> AIM OF THE TASK
Copy out the entries that follow exactly, leaving every picture behind.

> TASK MATERIAL
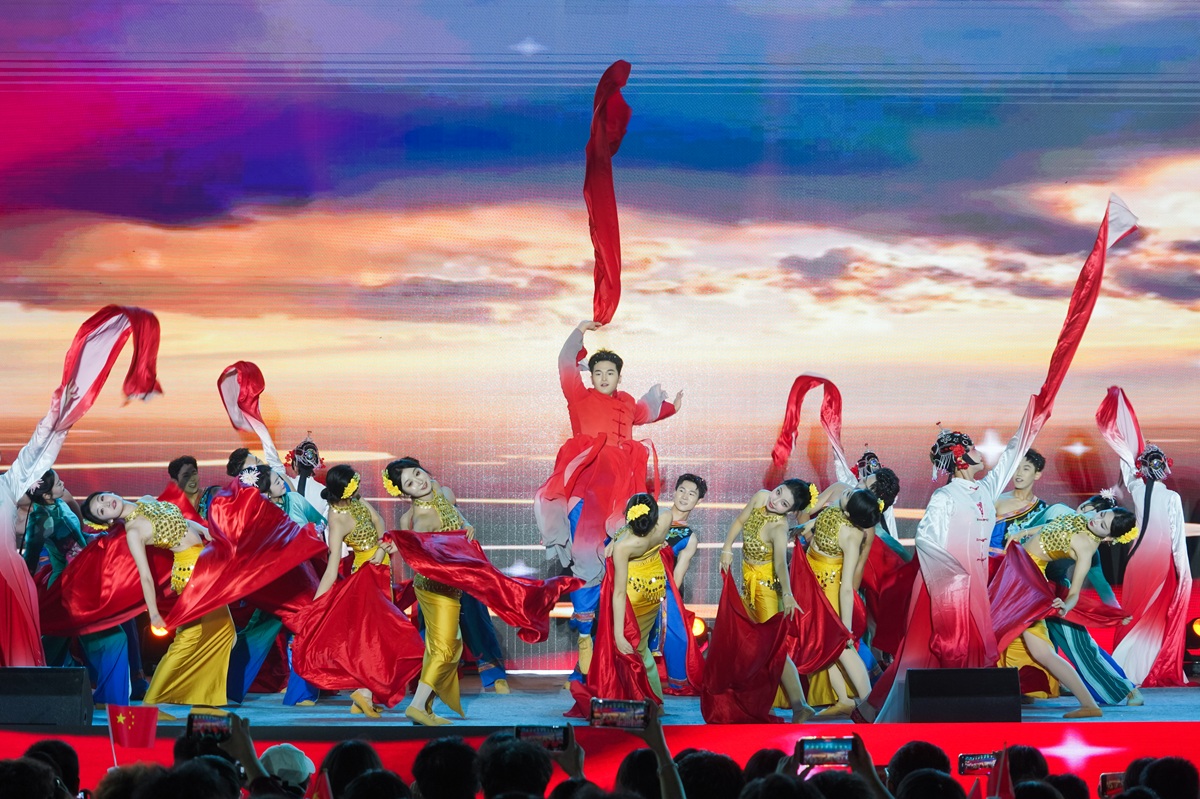正值国庆、中秋双节交汇之际,为热烈庆祝中华人民共和国成立76周年,迎接2025级新同学融入山电大家庭,9月29日晚,我校“‘芯’火赓续·筑梦华章”贺国庆·庆中秋·迎新生文艺晚会在学校图书馆东广场举行。校领导扈新起、任利成、吉守斌、杨正民、孙桓五出席晚会,各职能部门、各学院负责同志,新生辅导员及2025级全体新生共3500余人现场观看演出,共同畅享兼具思想性、艺术性与观赏性的文化盛宴。
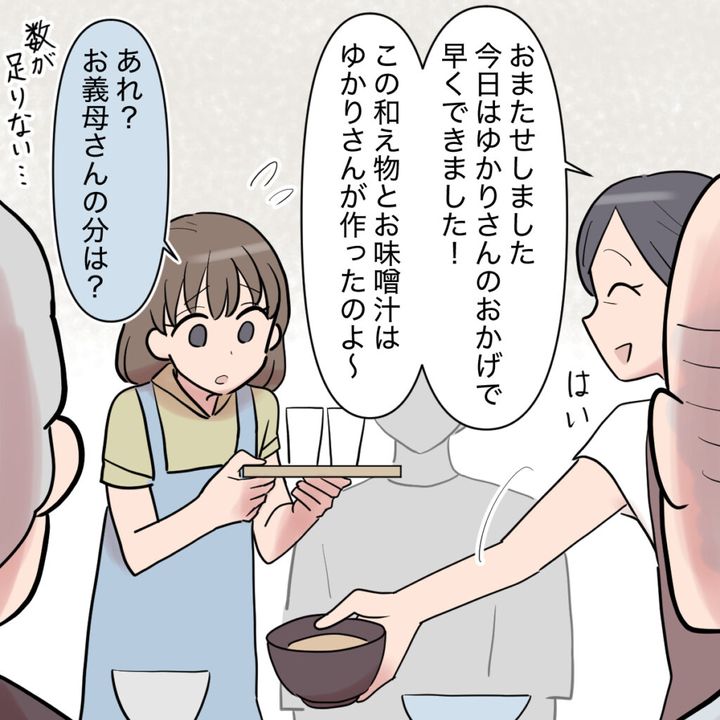 義母は義母父母と義父が座る食卓に作ったものを並べながら、「お待たせしました。今日はゆかりさんのおかげで早くできました!この和え物ととお味噌汁はゆかりさんが作ったのよ~」と嘘ばかり・・・。私も並べるのを手伝いながら、義母の食事は運ばれていないことに気付きました。
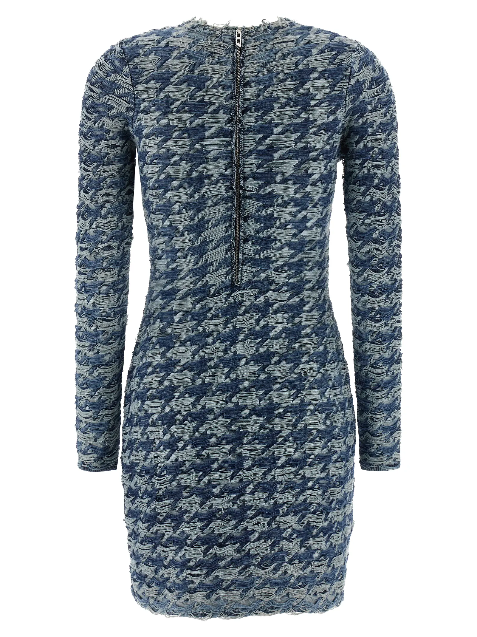 Елегантна сукня з колекції преміум-класу виготовлена з високоякісної 100% бавовни з унікальним лазерним візерунком «гусяча лапка» та ефектом обпалених деталей, що створює витончену текстуру. Дизайн із довгими рукавами, круглим вирізом і застібкою на блискавці ззаду поєднує стиль і комфорт, підкреслюючи статус і бездоганний смак.
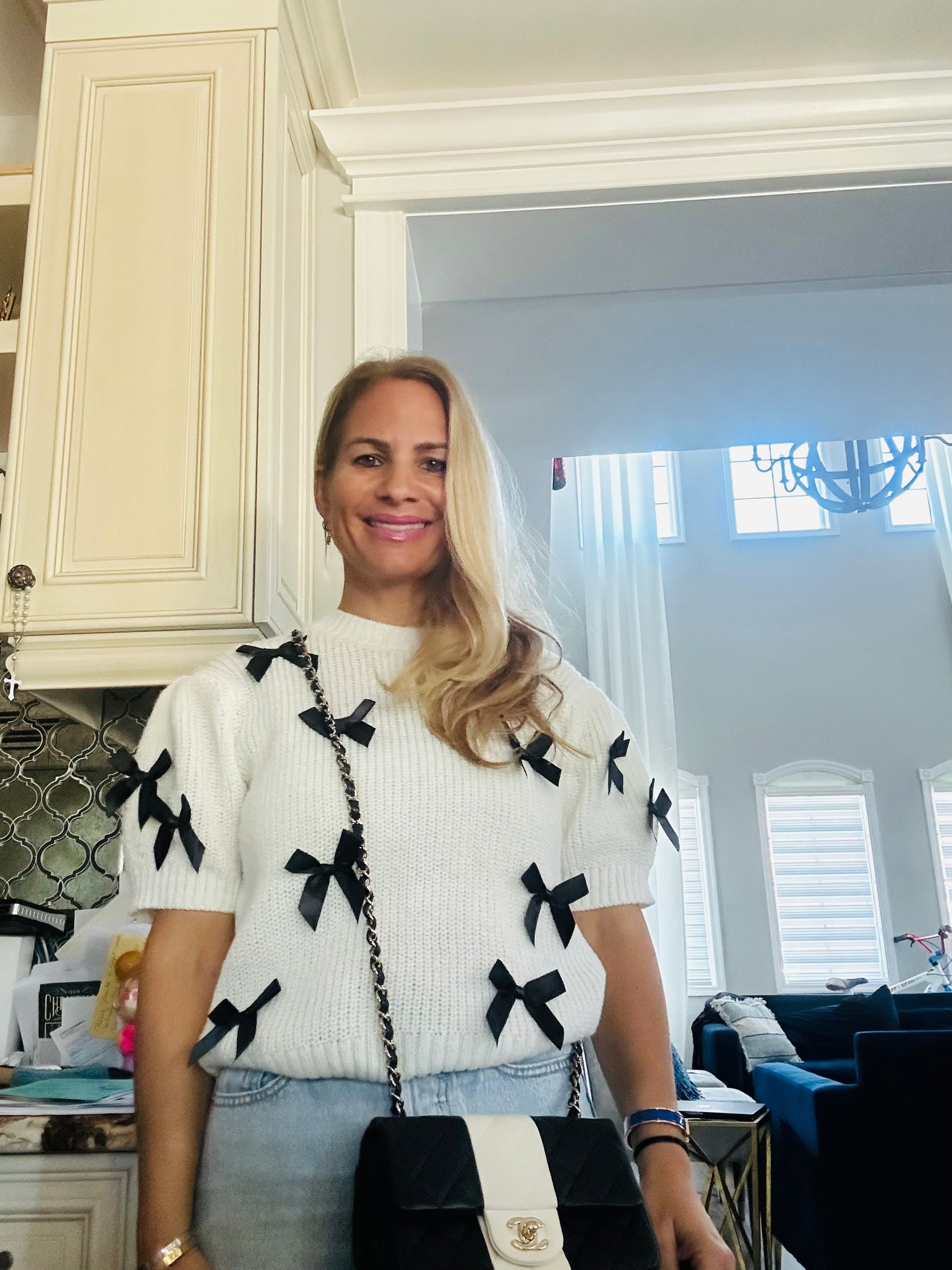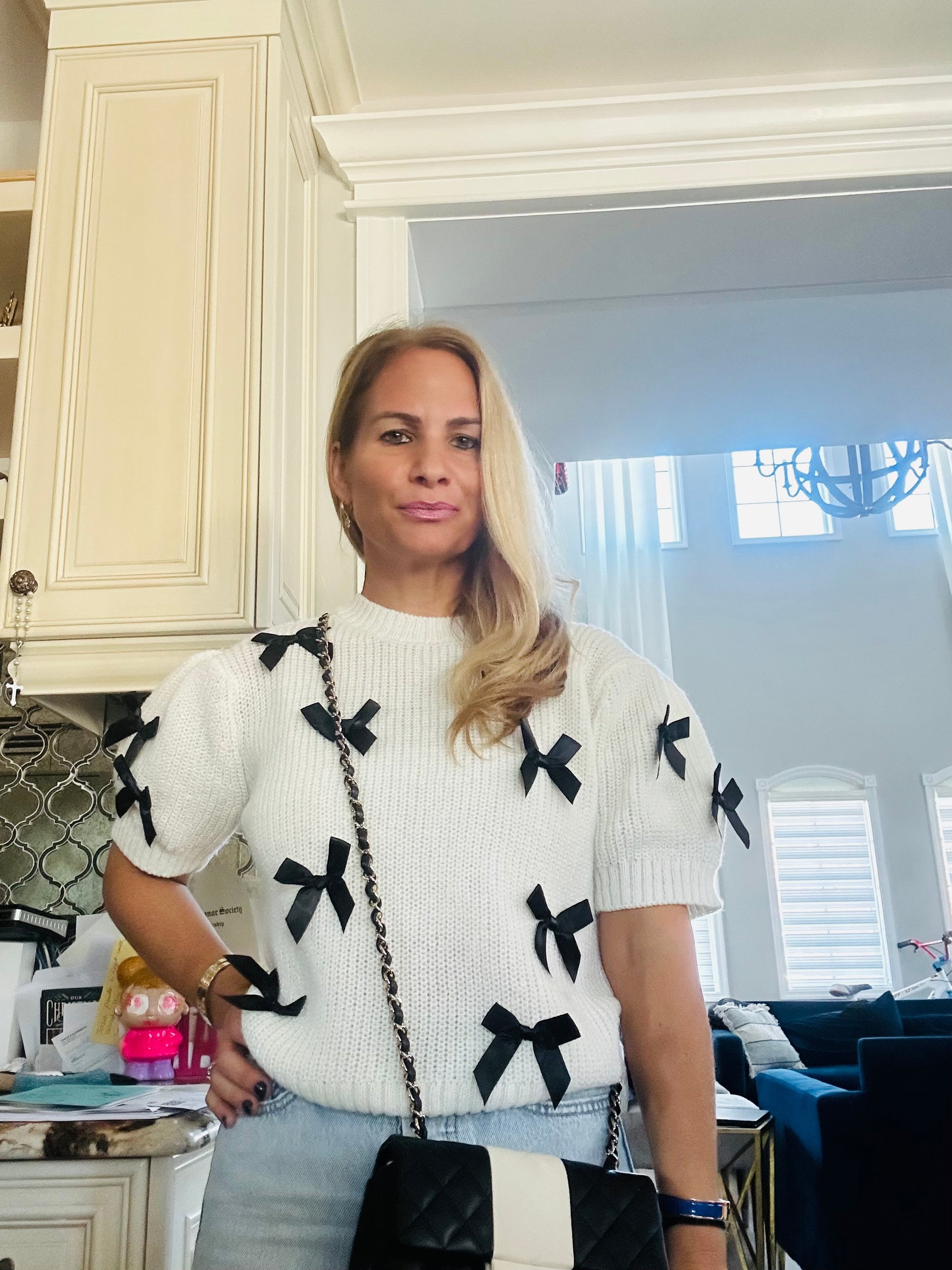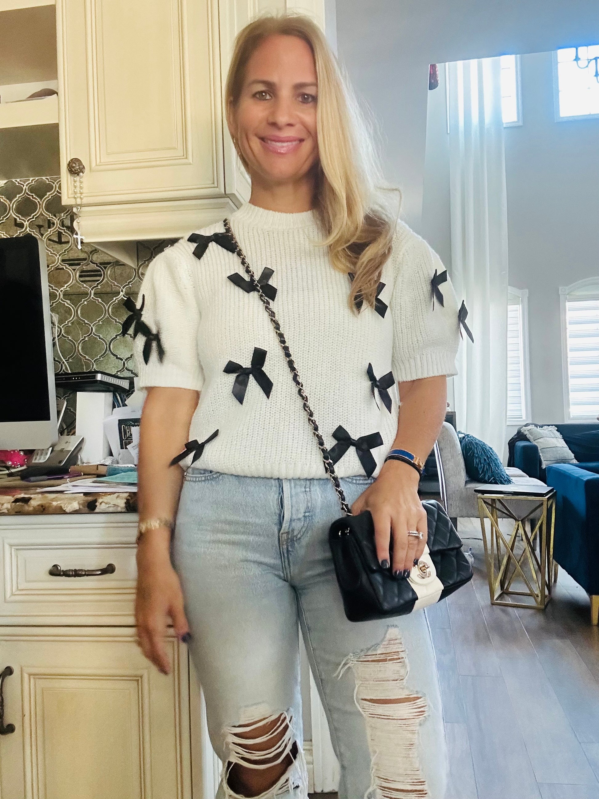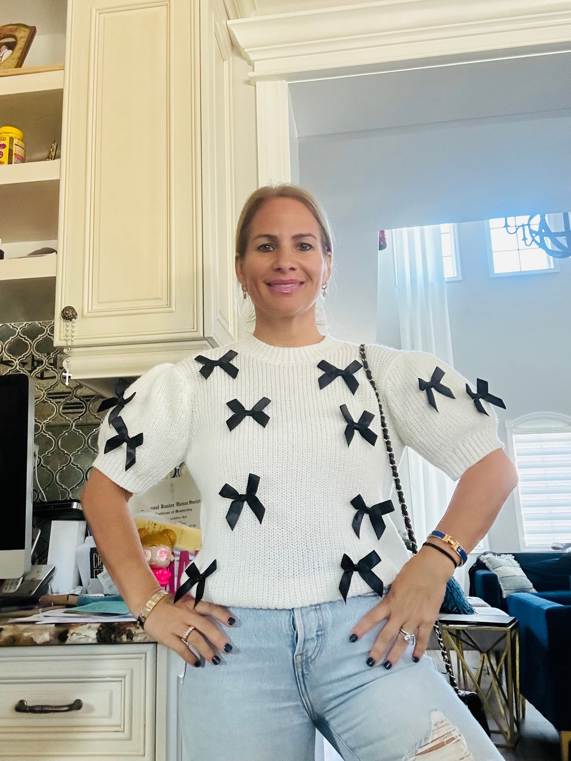 Short Sleeve Ivory Bow Sweater. Lite weight
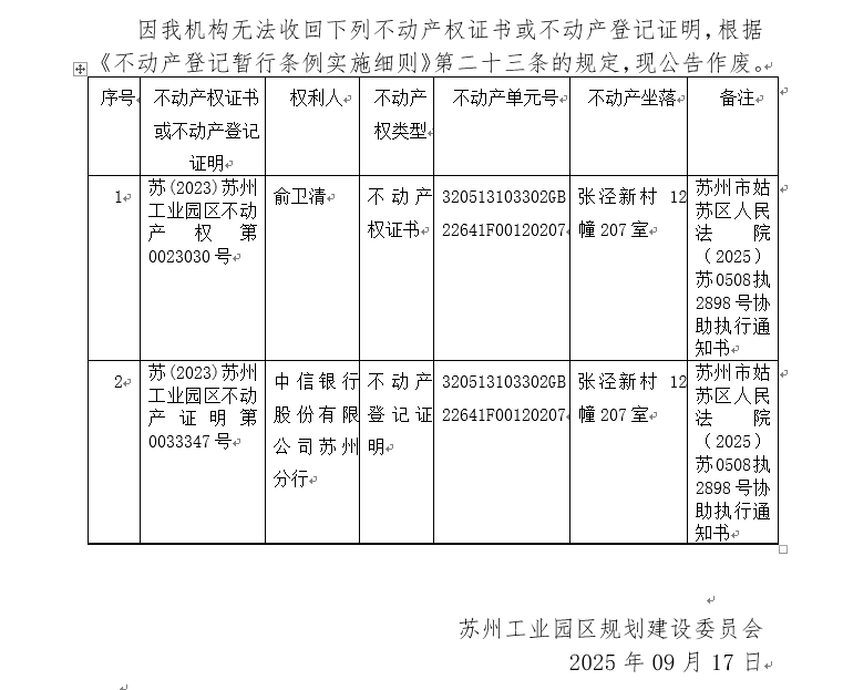 不動(dòng)產(chǎn)權(quán)證書/登記證明作廢公告蘇園 證廢字2025(0142)號(hào)(張涇新村12幢207室)
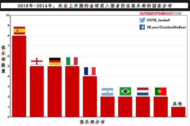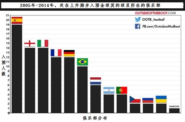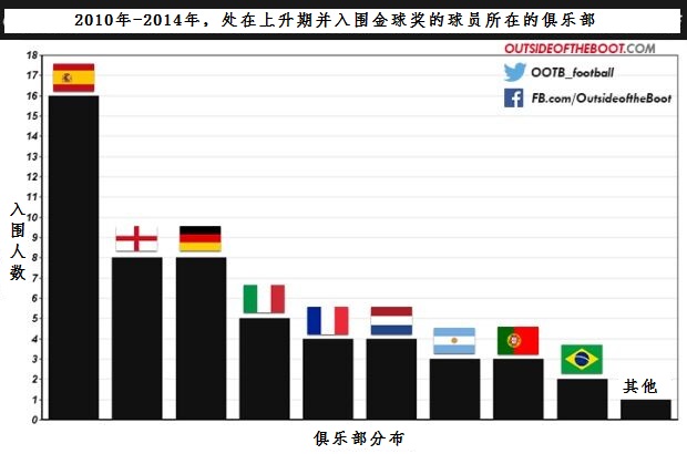 西班牙凭借16名入围者的强大优势占据了榜首位置(是第二名的两倍)。巴西停滞不前,情况堪忧。通常情况下,效力巴西俱乐部的球员会在很年轻的时候前往欧洲寻求发展,那些炙手可热的球员甚至在步入上升期之前,就已经离开了巴西。

> WRITTEN RESPONSE
正值国庆、中秋双节交汇之际,为热烈庆祝中华人民共和国成立76周年,迎接2025级新同学融入山电大家庭,9月29日晚,我校“‘芯’火赓续·筑梦华章”贺国庆·庆中秋·迎新生文艺晚会在学校图书馆东广场举行。校领导扈新起、任利成、吉守斌、杨正民、孙桓五出席晚会,各职能部门、各学院负责同志,新生辅导员及2025级全体新生共3500余人现场观看演出,共同畅享兼具思想性、艺术性与观赏性的文化盛宴。
 義母は義母父母と義父が座る食卓に作ったものを並べながら、「お待たせしました。今日はゆかりさんのおかげで早くできました!この和え物ととお味噌汁はゆかりさんが作ったのよ~」と嘘ばかり・・・。私も並べるのを手伝いながら、義母の食事は運ばれていないことに気付きました。
 Елегантна сукня з колекції преміум-класу виготовлена з високоякісної 100% бавовни з унікальним лазерним візерунком «гусяча лапка» та ефектом обпалених деталей, що створює витончену текстуру. Дизайн із довгими рукавами, круглим вирізом і застібкою на блискавці ззаду поєднує стиль і комфорт, підкреслюючи статус і бездоганний смак.
 Short Sleeve Ivory Bow Sweater. Lite weight
 不動(dòng)產(chǎn)權(quán)證書/登記證明作廢公告蘇園 證廢字2025(0142)號(hào)(張涇新村12幢207室)
 西班牙凭借16名入围者的强大优势占据了榜首位置(是第二名的两倍)。巴西停滞不前,情况堪忧。通常情况下,效力巴西俱乐部的球员会在很年轻的时候前往欧洲寻求发展,那些炙手可热的球员甚至在步入上升期之前,就已经离开了巴西。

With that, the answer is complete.